Some 96% of private equity backed companies says that their private equity investors have improved or not affected performance, according to the BDO Corporate Finance’s 2011 PrIvate Equity Survey, which polls the views of Private Equity Houses and their portfolio companies.. The main reason cited was the expertise and support provided, followed by access to capital. Only 4% suggested that performance had been harmed.
The survey also found that 69% of respondents agree that the main focus of management over the last 12 months has been organic growth, while 75% predict that this will also be the main focus for the next 12 months.
Furthermore 74% of companies surveyed currently consider themselves as being on a growth trajectory, while 76% agree that their business’s capital structure is appropriate in the current climate.

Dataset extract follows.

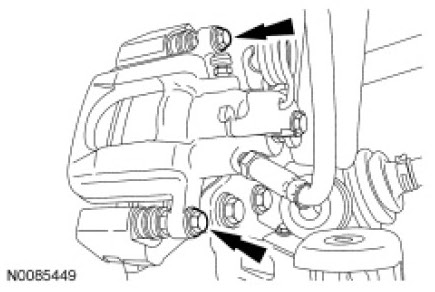 17. NOTICE: Do not allow the caliper to hang from the brake hose or damage to the hose can occur.

Alex White (pictured), Corporate Finance Partner, BDO LLP says: “Contrary to widespread accusations that the Private Equity industry is guilty of stripping assets for short term gain, our findings prove that the overwhelming majority of private equity backed companies recognise tangible benefits from their investors’ involvement. Moreover, the management teams are rightly concentrating on organic growth, confident that that their business’s capital structure is well equipped for the current environment.”
On average 71% of PE house’s current investments are on target or are ahead of achieving the original plan.
Bolt on acquisitions are expected to be made to nearly half (49%) of all companies surveyed. 81% of the corporate respondents who have made bolt on acquisitions in the past confirmed that these acquisitions have added value.
“It is encouraging to see that even in the current uncertain climate Private Equity houses are managing to successfully steer through their plans,” says White. “The steady stream of strategic bolt-on acquisitions for certain investments are fuelling deal activity and providing value.”